News that we handle must be established upon facts acquired through reliable official sources. If we can't verify a piece of news, I would rather we leave it out.

We must not take news reporting for granted, nor generate content as per the liking of web users. We will end up nowhere if we think we can be king of the Internet world by creating this kind of news, completely shattering the reputation and credibility Sin Chew Daily has built up over the past 91 years.

I stand firmly by the belief that the media should only produce good quality news. As such, we have zeroed in on specific groups of readers through our dedicated columns "Warm Power", "Seeking Truth" and "Easily" in building up our niche audience base. The future of a media organization is bleak without a group of faithful followers.

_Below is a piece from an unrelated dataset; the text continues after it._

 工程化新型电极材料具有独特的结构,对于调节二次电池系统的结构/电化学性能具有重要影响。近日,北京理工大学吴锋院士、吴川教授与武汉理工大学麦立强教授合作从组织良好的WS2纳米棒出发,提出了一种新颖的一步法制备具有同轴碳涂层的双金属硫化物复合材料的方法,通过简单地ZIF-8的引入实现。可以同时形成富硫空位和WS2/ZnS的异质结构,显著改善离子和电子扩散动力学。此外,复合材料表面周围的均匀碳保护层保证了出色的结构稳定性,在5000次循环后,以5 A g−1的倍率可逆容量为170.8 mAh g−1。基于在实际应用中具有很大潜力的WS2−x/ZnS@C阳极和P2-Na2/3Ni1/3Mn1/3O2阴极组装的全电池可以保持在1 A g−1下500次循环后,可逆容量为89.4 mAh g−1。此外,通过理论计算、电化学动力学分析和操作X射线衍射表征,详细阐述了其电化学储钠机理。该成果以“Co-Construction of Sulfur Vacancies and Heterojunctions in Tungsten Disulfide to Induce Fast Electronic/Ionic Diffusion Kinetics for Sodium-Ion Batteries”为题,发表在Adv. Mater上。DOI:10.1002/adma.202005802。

Against the backdrop of an increasingly chaotic society, we should more than ever inspect all public discussions on certain social issues and analyze how things have come into place. The media is obliged to constantly position itself as a unique and sober voice speaking up for the community, saying things others dread to say or unwilling to say. We must lead the social consensus, not be led by the nose by popular sentiments and likings.

Luring the attention of readers with sexually evocative headlines and content will only earn us short-term hits or spike the day's viewership, but in the long run will hurt our credibility. It will not help us build a loyal reader base but will cost us quality readers we have acquired through the years.

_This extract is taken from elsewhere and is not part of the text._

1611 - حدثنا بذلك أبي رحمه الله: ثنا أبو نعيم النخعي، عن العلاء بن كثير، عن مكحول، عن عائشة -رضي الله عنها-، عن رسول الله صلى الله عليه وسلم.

In the aforementioned incident of an old man lying dead at the gas station, if Sin Chew Daily danced to the tune of ignorant web users and enticed them to associate his death with the coronavirus, what if it is later proven otherwise? We would have inflicted unnecessary agony to the victim's family.

The distance between us and evil is just as narrow as a thought away.

This is a line of defense we must fiercely guard. As media practitioners, we should not just be answerable to our readers, but the society at large, too.